Mostafa Chamran (Persian: مصطفی چمران) (8 March 1932 20 June 1981, Tehran, Iran) was an Iranian Physicist, politician, commander and Guerrilla who served as the first defense minister of post-revolutionary Iran and as member of parliament, as well as the commander of paramilitary volunteers in Iran–Iraq War, known as "Irregular Warfare Headquarters". He was killed during the Iran–Iraq War. In Iran, he is known as a martyr and a symbol of an ideological and revolutionary Muslim who left academic careers and prestigious positions as a scientist and professor in the US, University of California, Berkeley and migrated in order to help the Islamic movements in Palestine, Lebanon, Egypt as a chief revolutionary guerilla, as well as in the Islamic revolution of Iran. He helped to found the Amal Movement in southern Lebanon.

Early life and education

Chamran was born into a religious family on 8 March 1932 in Tehran.[1] Earlier he was educated by Ayatollah Taleqani and Morteza Motahari.[2] He studied at Alborz High School and then graduated from Tehran University with a bachelor's degree in electro mechanics.[1]

In the late 1950s, he moved to the United States for higher education, obtaining a M.S. degree from the Texas A&M University.[3] He then went on to obtain his Ph.D. in electrical engineering and plasma physics in 1963 from the University of California, Berkeley.[4]

He was then hired as a senior research staff scientist at Bell Laboratories and NASA's Jet Propulsion Laboratory in the 1960s.[2][5] He was fluent in Persian, English, Arabic, French, and German.

Career and activities

Chamran was one of the senior members of the Freedom Movement led by Mehdi Bazargan in the 1960s.[1][6] He was part of the radical external wing together with Ebrahim Yazdi, Sadegh Ghotbzadeh and Ali Shariati.[7]

Following graduation, Chamran went to Cuba to receive military training.[8] In December 1963, he along with Ghotbzadeh and Yazdi left the US for Egypt where he was trained in guerilla warfare.[9][10] They met the Egyptian authorities to establish an anti-Shah organization in the country, which was later called SAMA, special organization for unity and action.[7] Chamran was chosen as its military head.[7] Upon his return to the US in 1965 he founded a group, Red Shiism, in San Jose with the aim of training militants.[9] His brother, Mehdi, was also part of the group.[9] In 1968, he founded another group, the Muslim Students’ Association of America (MSA), and it was led by Ebrahim Yazdi.[9] The group managed to establish branches in the United Kingdom and France.[9]

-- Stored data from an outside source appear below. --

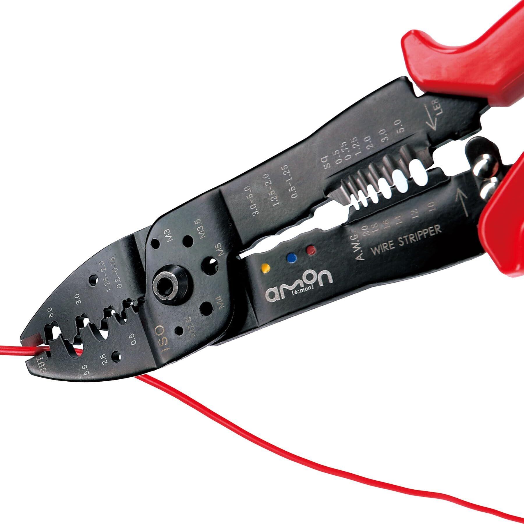 エーモン(amon) 電工ペンチ全長約255mm 配線コードの接続・分岐に ドラレコの電源取り出し 電装品の取り付け・配線作業 3500 レッド
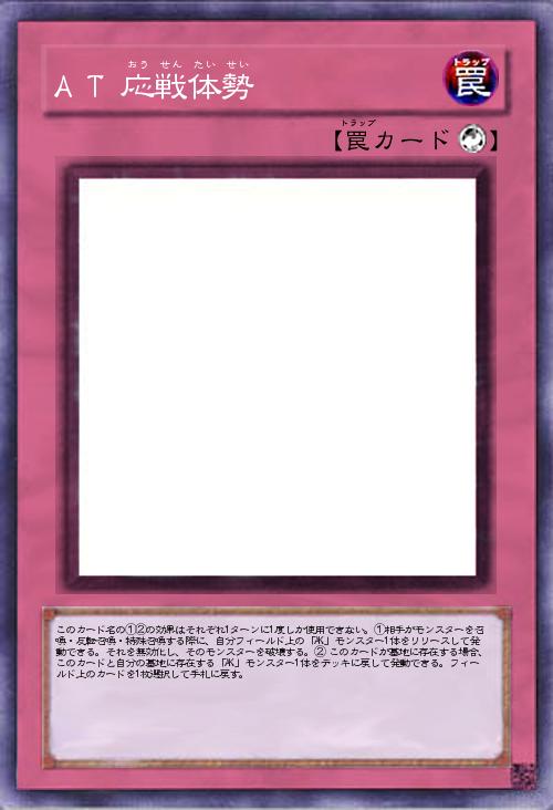 | このカード名の①②の効果はそれぞれ1ターンに1度しか使用できない。①相手がモンスターを召喚・反転召喚・特殊召喚する際に、自分フィールド上の「AK」モンスター1体をリリースして発動できる。それを無効化し、そのモンスターを破壊する。② このカードが墓地に存在する場合、このカードと自分の墓地に存在する「AK」モンスター1体をデッキに戻して発動できる。フィールド上のカードを1枚選択して手札に戻す。 | |||
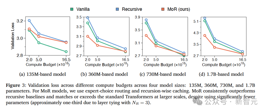 如图3所示,在所有参数规模和算预算力下,MoR始终优于递归基线模型。

In 1971 Chamran left the US for Lebanon[9] and joined the camps of the Palestine Liberation Organization and the Amal movement.[8] He became a leading and founding member of the Islamic revolutionary movement in the Middle East, organizing and training guerrillas and revolutionary forces in Algeria, Egypt, Syria. During the civil war in Lebanon he actively cooperated with Musa Al Sadr, founder of the Amal movement.[11] Chamran also became an Amal member and "right-hand man of Sadr".[12][13]

Chamran along with Sadegh Ghotbzadeh was part of the faction, called "Syrian mafia", in the court of Khomeini, and there was a feud between his group and the Libya-friendly group, led by Mohammad Montazeri.[14]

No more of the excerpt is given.